Keep a close eye on budgets and bank balances? Check.
Spread the word about the organization’s mission? Check.
Keep professional staff on their toes? Check.
Write checks? Check.
Develop a comprehensive risk management plan? Wait…what?
For all the good that nonprofit board members accomplish, most are not very experienced at anticipating the bad.
Whether it’s site safety, cyber security, financial exposure or executive director succession, too many members of volunteer boards are dangerously blind to factors that present existential peril to their favorite causes.
10%Of nonprofit board conversations deal with risk
This ignorance is to some extent due to psychology; the decision to serve on a nonprofit board is, after all, a fundamentally optimistic one. But most board members are clueless about organizational risk for other reasons, chief among them a failure to discuss such issues formally or often enough. This is understandable. Executive directors and board presidents want to inspire board members, the better to leverage their bank accounts and contact lists for the greater good. As a result, discussions about what could go wrong that do get scheduled generally land far down most meeting agendas, which means little time is devoted to them: Only 10% of nonprofit board conversations even deal with risk, according to a report by Oliver Wyman and SeaChange Capital Partners.
But as the world becomes ever more perilous, nonprofits must engage their full boards in their risk management processes. Here are four ways to engage your board members in risk oversight and management.
Present risk management as a learning opportunity.
Chances are high your board is stocked with members who have joined for the experience as much as the mission. (Google “career benefits of nonprofit board membership” if you doubt it.) Given the growing focus on risk management in Corporate America, few areas of organizational governance are—pardon the expression—sexier at the moment. Position risk management as a job-skills opportunity and you’d be surprised at how many board members suddenly become interested. Bring in subject matter experts to coach board members on the finer points of risk—investment oversight, business continuity plans, site safety, etc.—and you’ll be surprised how many stay interested.
Present risk management as money saving opportunity.
For good or for bad, maximum cost efficiency is a trope for most boards and board members. A formalized approach to risk management—permanent committee, rotating membership among the full board, expert instruction—will not only increase your organization’s chances of avoiding untold dollars of liability; it might also lower your insurance premiums.
Lower the stakes.
In forming a risk management committee, you will encounter resistance to joining from board members who don’t have formal training in the law, finance or other seemingly relevant areas of expertise. You can overcome this by emphasizing that the role of the committee is less about finding solutions than identifying problems—and some of the best questions are asked by people not beholden to the assumptions of a particular discipline.

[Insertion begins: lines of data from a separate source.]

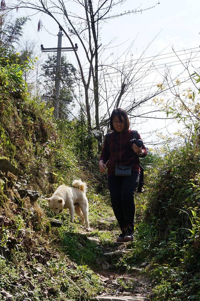 路挺陡的,走起来还是有点费劲的。露一下大吉瘦弱的身影。
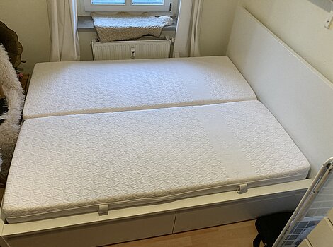 2 Matratzen je 80 x 200 cm, Härte 2, Schlaraffia, GelschaumDie Matratzen wurden im Juli 2023 angeschafft. Nicht jede Nacht schlief jemand im Bett, im letzten halben Jahr niemand. Die Matratzen sehen sehr gut aus, sind nicht eingestaubt, zwischen ihnen und dem ...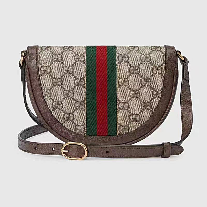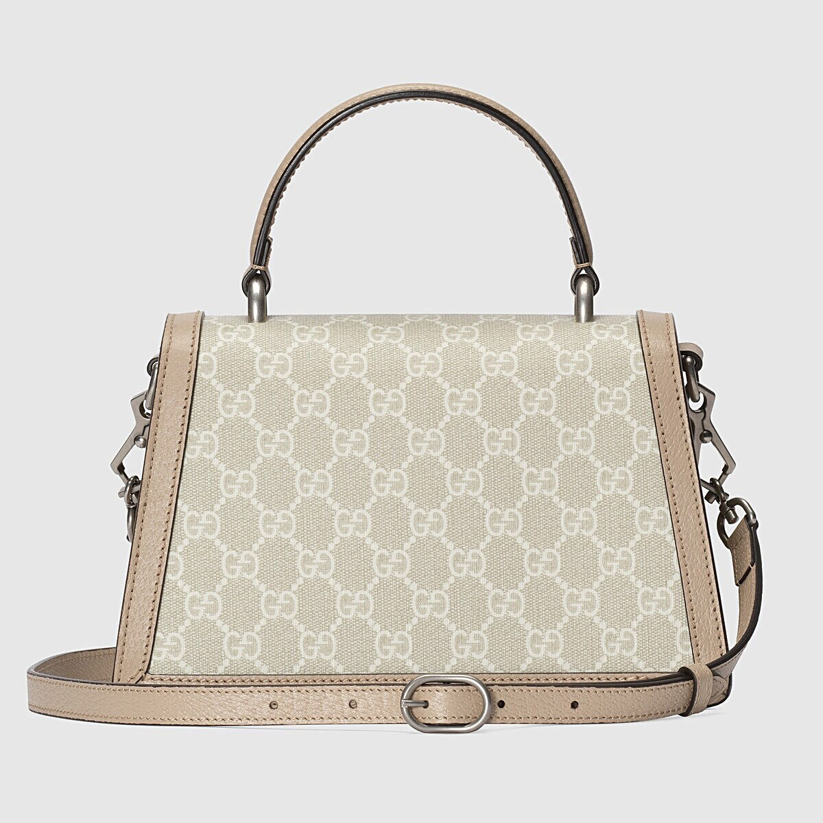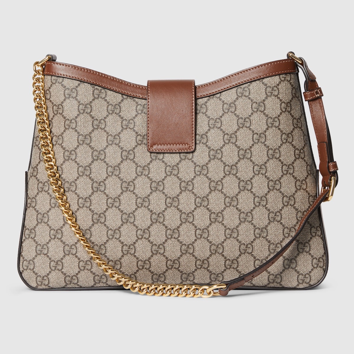 Gucci Large Web Attache Shoulder Bag Beige/Blue GG Supreme Monogram Canvas & Textured Calfskin Leather Silver Hardware

Remind reluctant board members also that the best risk management processes benefit from the holistic knowledge and far afield experience that a well-diversified board offers.
Raise the stakes.
It never hurts to remind board members about the personal consequences of a poor risk management policy. Director and officers insurance may transfer some (or all) financial risk, but deploying it will have a negative effect on liability limits and premiums for the organization. Moreover, there’s no policy to insure oneself against reputational risk. Remind board members that they can be permanently tarnished—personally and/or professionally—for failing to deal with points of exposure.